The name New England was apparently given to the area by Captain John Smith, who in 1614 put in briefly at Monhegan Island and the abandoned Popham colony site and charted the coast from Rhode Island to Nova Scotia. He returned to England with a rich cargo of furs and fish and reported that the land was suitable for settlement. However, the hardships suffered by the Popham colony were not put aside easily. To prove that Europeans could endure the climate, Captain Richard Vines and his 16-man crew spent the winter of 1616–1617 at a site at the mouth of the Saco River. A few years later, Vines returned and established the first successful settlement at Saco, an achievement that was followed by other coastal settlements west of Penobscot Bay.

In 1635 Sir Ferdinando Gorges, appointed governor-general of New England, sent his nephew William Gorges to act as his deputy in the New World.

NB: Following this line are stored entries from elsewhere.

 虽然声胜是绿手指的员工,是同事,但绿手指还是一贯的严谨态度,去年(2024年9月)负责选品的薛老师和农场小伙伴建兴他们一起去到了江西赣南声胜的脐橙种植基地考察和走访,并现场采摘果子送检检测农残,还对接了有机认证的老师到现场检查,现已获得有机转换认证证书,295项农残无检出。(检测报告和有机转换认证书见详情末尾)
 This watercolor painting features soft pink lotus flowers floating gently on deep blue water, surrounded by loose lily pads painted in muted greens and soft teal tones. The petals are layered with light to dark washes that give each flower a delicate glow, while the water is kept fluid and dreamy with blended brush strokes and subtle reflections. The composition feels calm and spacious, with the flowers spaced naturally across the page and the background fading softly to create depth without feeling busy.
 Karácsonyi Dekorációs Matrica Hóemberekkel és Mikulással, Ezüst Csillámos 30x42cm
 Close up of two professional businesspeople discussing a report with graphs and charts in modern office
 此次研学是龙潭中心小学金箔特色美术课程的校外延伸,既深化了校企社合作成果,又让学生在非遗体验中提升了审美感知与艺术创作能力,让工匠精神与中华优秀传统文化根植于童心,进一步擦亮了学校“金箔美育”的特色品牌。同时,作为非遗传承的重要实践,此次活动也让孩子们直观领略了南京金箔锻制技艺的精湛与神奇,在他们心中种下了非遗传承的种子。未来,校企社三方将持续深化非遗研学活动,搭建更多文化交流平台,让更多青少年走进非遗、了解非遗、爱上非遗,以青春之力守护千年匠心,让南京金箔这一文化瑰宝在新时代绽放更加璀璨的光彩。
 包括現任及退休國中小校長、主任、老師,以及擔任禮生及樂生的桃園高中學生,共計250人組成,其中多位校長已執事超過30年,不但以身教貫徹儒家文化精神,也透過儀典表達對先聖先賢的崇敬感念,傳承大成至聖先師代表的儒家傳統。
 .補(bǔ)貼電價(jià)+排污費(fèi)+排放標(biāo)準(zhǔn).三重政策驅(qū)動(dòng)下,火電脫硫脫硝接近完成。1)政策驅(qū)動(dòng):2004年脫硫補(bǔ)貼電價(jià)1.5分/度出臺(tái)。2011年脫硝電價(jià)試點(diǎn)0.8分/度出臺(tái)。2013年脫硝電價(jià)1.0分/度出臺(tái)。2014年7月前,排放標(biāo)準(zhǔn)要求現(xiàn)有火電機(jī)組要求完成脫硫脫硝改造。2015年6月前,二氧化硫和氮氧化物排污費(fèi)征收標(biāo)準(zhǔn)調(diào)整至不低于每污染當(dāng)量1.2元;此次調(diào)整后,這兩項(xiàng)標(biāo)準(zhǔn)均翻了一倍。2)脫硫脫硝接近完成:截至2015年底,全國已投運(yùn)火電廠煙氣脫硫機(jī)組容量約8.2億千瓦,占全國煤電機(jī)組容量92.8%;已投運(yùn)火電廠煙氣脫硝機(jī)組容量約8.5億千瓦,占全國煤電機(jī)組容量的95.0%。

The latter set about organizing the government, and in 1639 Maine's first legislative and judicial court was held at Saco. In 1639 Sir Ferdinando received the charter for “The Province and Countie of Maine” from Charles I of England. The name Maine was probably taken from the region of Maine in northwest France as a salute to Charles's queen consort, Henrietta Maria, daughter of King Henry IV of France.

After Sir Ferdinando's death in 1647, Parliament invalidated his grant, but his heirs, disregarding Parliament's action, sent a deputy governor to Maine. With the confusion of grants and leadership, Maine settlers tried to form their own body politic. Their effort met with no great success, and the province of Maine came under the rule of the Massachusetts Bay Colony in 1652, despite the protests of the Maine settlers. King Charles II restored the charter for the province of Maine to Ferdinando Gorges, grandson of the earlier Sir Ferdinando, in 1664. Massachusetts judges were ordered out of Maine, and royal commissioners went in to establish an independent government. There followed a long period of political upheaval, squabbling about rights, and native warfare, which reduced the number of Maine settlements to three or four. In 1677, during this period, Gorges sold all rights to Maine to Massachusetts for 1,250 English pounds.

The British sovereigns William and Mary gave Massachusetts its second charter in 1691, and the province of Maine became the district of Maine, governed by Massachusetts. By 1732 the European population of Maine had been either wiped out or driven out by the long years of native wars. To stimulate resettlement, Massachusetts offered free land in Maine. Within a decade Maine's settler population grew to 12,000, but again the settlers were entangled by warfare with the native tribes.

The people of the District of Maine began to agitate for separation from Massachusetts at the close of the American Revolution. They did not succeed until 1820, when Maine was admitted to the Union as a free state through the Missouri Compromise, in which Missouri was also admitted to the Union but as a slave state in order to preserve the political balance between the free states in the North and the slave states in the South. Maine's population at that time was 298,335. Its capital, first at Portland, was moved to Augusta in 1832.